Of the 500 simulations, this example uses 484 (436 train + 48 validation), inherited verbatim from the upstream DoMINO DrivAerML splits so cross-applicability between recipes is preserved. The 16 missing run IDs are: 167, 211, 218, 221, 248, 282, 291, 295, 316, 325, 329, 364, 370, 376, 403, 473.

GLOBE learns to map from car body geometry (represented as a triangulated surface mesh) to nondimensional surface fields:

  • C_p - Pressure coefficient (scalar)

  • C_f - Skin friction coefficient (3D vector)

These can be integrated over the car body surface to obtain aerodynamic force coefficients (Cd, Cl, Cs) for engineering evaluation.

Dataset#

The DrivAerML dataset is available from HuggingFace. Once downloaded, it should be available at a path like:

drivaer_data_full/
  run_1/
    boundary_1.vtp       # Boundary surface mesh (~600 MB)
    volume_1.vtu         # Volume mesh (~45 GB, not used by this example)
    geo_ref_1.csv        # Geometry reference lengths and areas
    force_mom_1.csv      # Ground-truth force/moment coefficients
    drivaer_1.stl        # CAD geometry
    ...
  run_2/
    ...

This example uses only the VTP boundary files, geometry CSVs, and force coefficient CSVs. Volume VTU files are not loaded.
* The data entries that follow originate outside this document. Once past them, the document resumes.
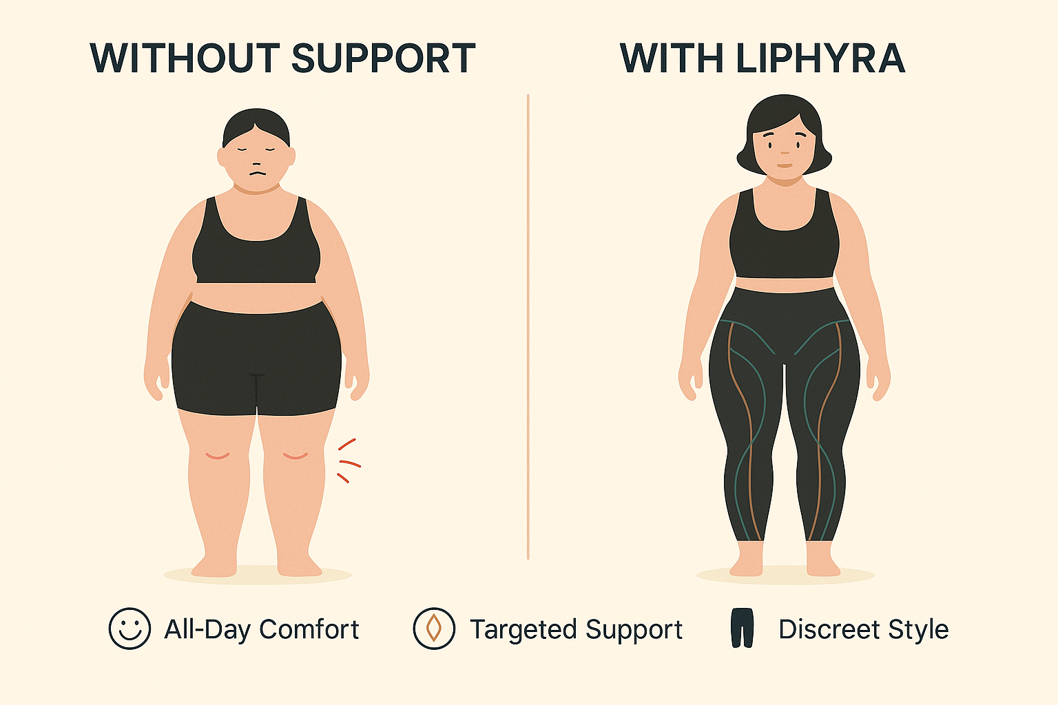 I can’t believe I spent so many years thinking something was wrong with me. Once I understood it was lipedema and found LIPHYRA™, everything changed. These don’t look medical at all — they just look like normal leggings. But the relief they provide is incredible.
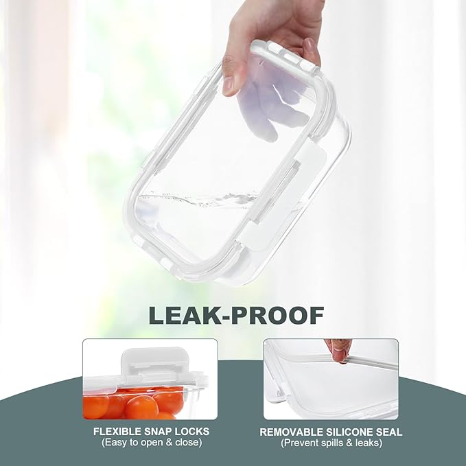 • Premium Quality Glass: Our glass meal prep containers are made from high-quality glass that is safe to use in the microwave, oven, freezer, and dishwasher. You can freeze or reheat your meals easily, ideal for everyday use. Please take off the lids when cooking and heating food.
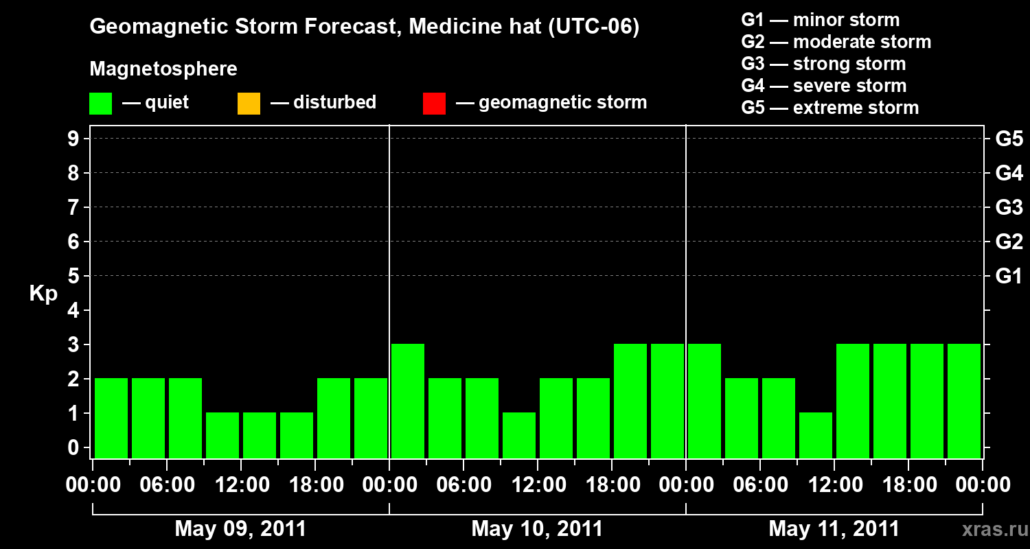 Geomagnetic storm forecast in Medicine hat for May 09, 2011
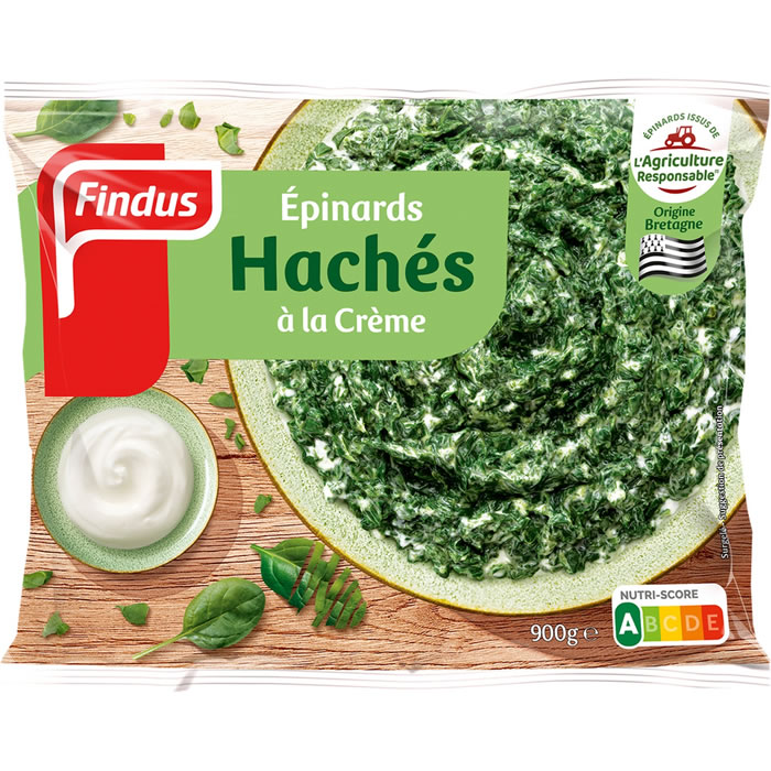Epinards hachés à la crème Findus : recette gourmande, épinards issus de l’agriculture responsable, format familial, Nutriscore A.
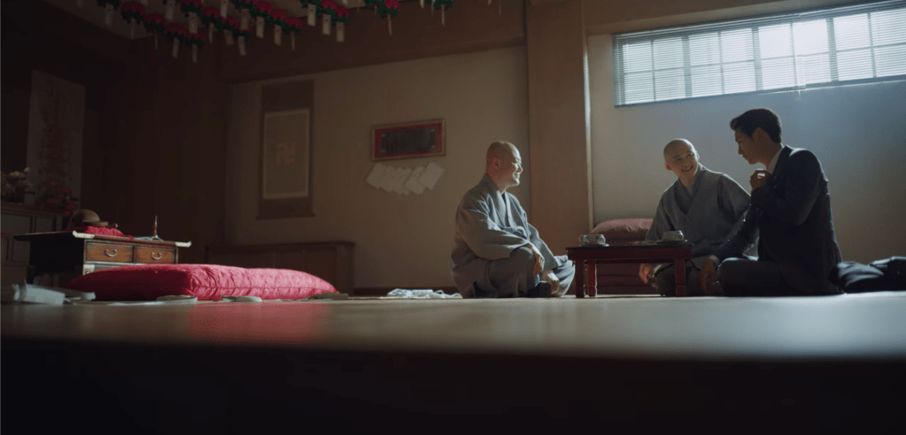 Meanwhile, Vincenzo steps out to catch up with Mr. Cho. Mr. Cho’s operation to grab Mr. Wang’s iris data in China is successful and now they can access the gold storage room much easier. However, there’s still one thing standing in the way of their plan: the temple in the basement sitting on top of the room. So Vincenzo makes his move and he stops by the temple back at Geumga Plaza. He finds Mi-ri inside along with Monk Chaeshin and Jeokha. After Mi-ri exits, Vincenzo sits down to have a talk with Monk Jeokha and offers to relocate them to a much nicer place. However, Monk Jeokha is content with their current location inside of Geumga and refuses to move anywhere. As if things couldn’t be bad enough, Monk Chaeshin serves some sweet potatoes for them all to eat. Hahaha. Vincenzo isn’t so happy with either monks and he refuses to be fed by Monk Chaeshin. What all three men are unaware of is Mi-ri hiding outside the temple listening in on their conversation. If Vincenzo is willing to relocate the Geumga monks to another temple, that must only mean one thing.
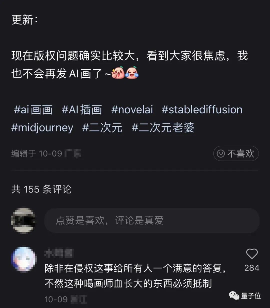 尤其上周,一个名为NovelAI的生成模型,因涉嫌使用未经授权的图片做训练数据,引发不少二次元画师不满与抵制,从微博、知乎,到小红书,不少人都参与其中——
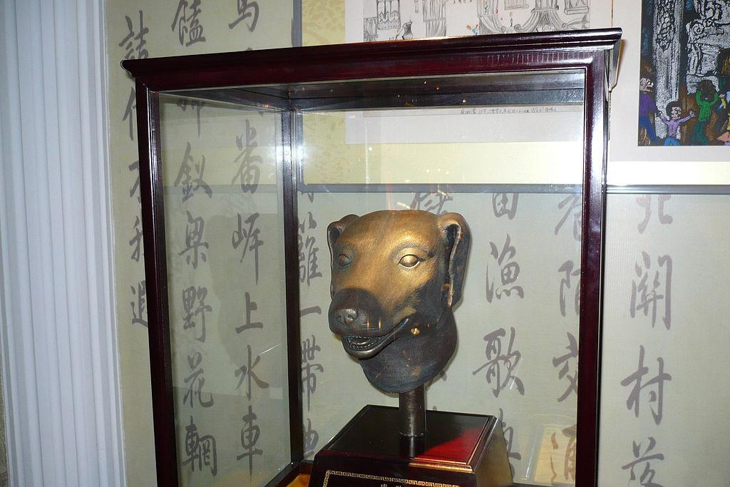 圆明园十二生肖兽首铜像原为外的喷泉的一部分,是清乾隆年间的红铜铸像。1860年英法联军侵略中国,火烧圆明园,并且抢掠了十二生肖兽首及其他众多的圆明园文物,兽首铜像开始流失海外。
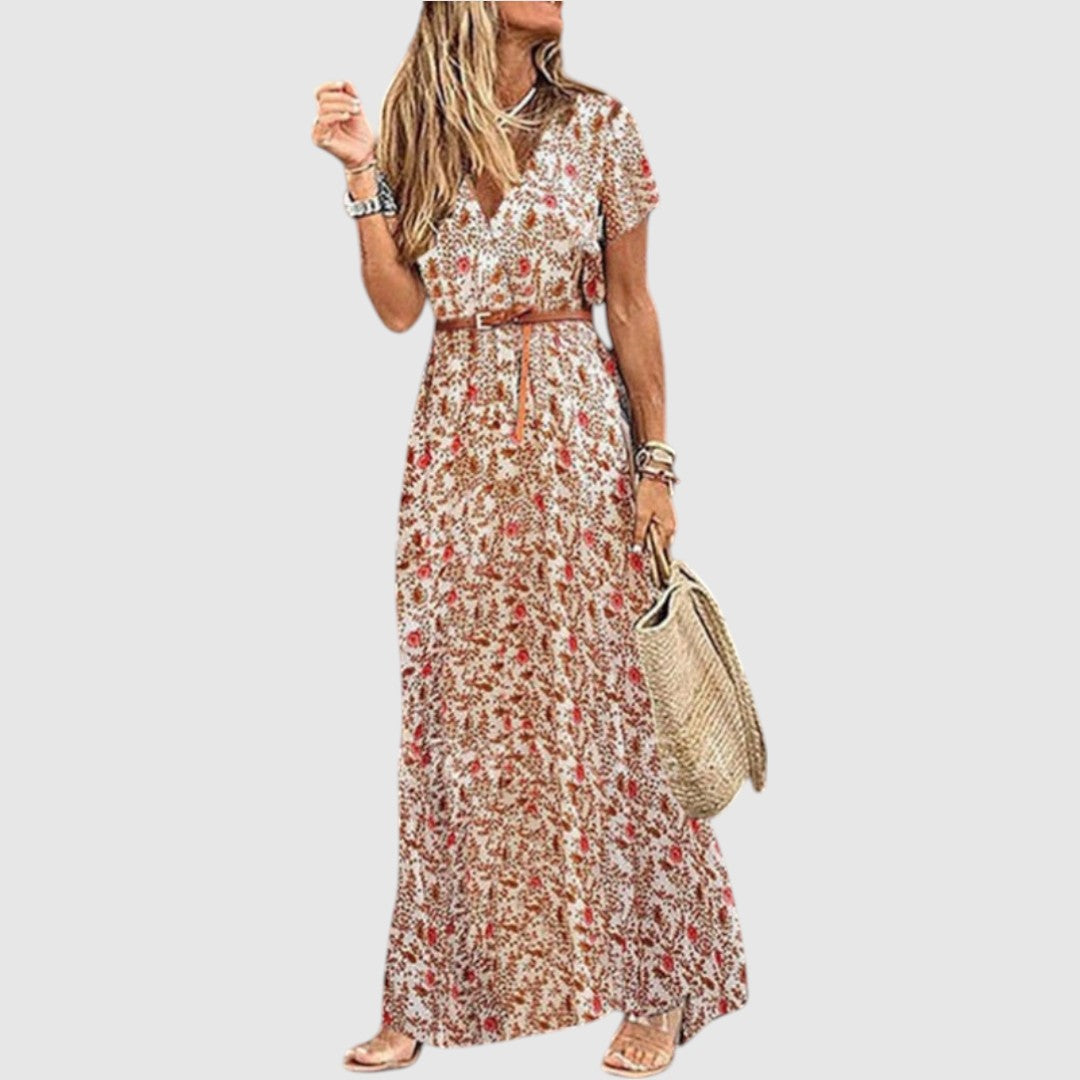 Merel | Dames Boho Jurk met V-Hals en Paisley Print | Maxi Jurk Zomer met Riem

Set the dataset location via one of:

  • The --data-dir CLI argument

  • The DRIVAER_DATA_DIR environment variable (set automatically by run.sh)

Usage#

Training#

Multi-node via SLURM (edit DRIVAER_DATA_DIR in run.sh to point to your dataset root, then):

sbatch run.sh

Or run locally on a single GPU:

export DRIVAER_DATA_DIR=/path/to/drivaer_data_full
uv run torchrun --nproc-per-node 1 train.py

Inference#

export DRIVAER_DATA_DIR=/path/to/drivaer_data_full
uv run python inference.py

Optionally set GLOBE_OUTPUT_DIR to point to a specific training output directory. Otherwise, the most recent output is used.

MLflow Tracking#

export MLFLOW_TRACKING_URI="sqlite:///output/mlflow.db"
uv run mlflow ui --backend-store-uri "$MLFLOW_TRACKING_URI"

Architecture#

GLOBE represents the PDE solution as a boundary integral with learnable Green’s function-like kernels. Key architectural properties:

  • Discretization-invariant: The boundary mesh can be decimated without changing predictions in the fine-mesh limit.

  • Rotation-equivariant: Predictions follow rotations of the input.

  • Translation-equivariant: Predictions follow translations.

  • Parity-equivariant: Reflections are handled correctly.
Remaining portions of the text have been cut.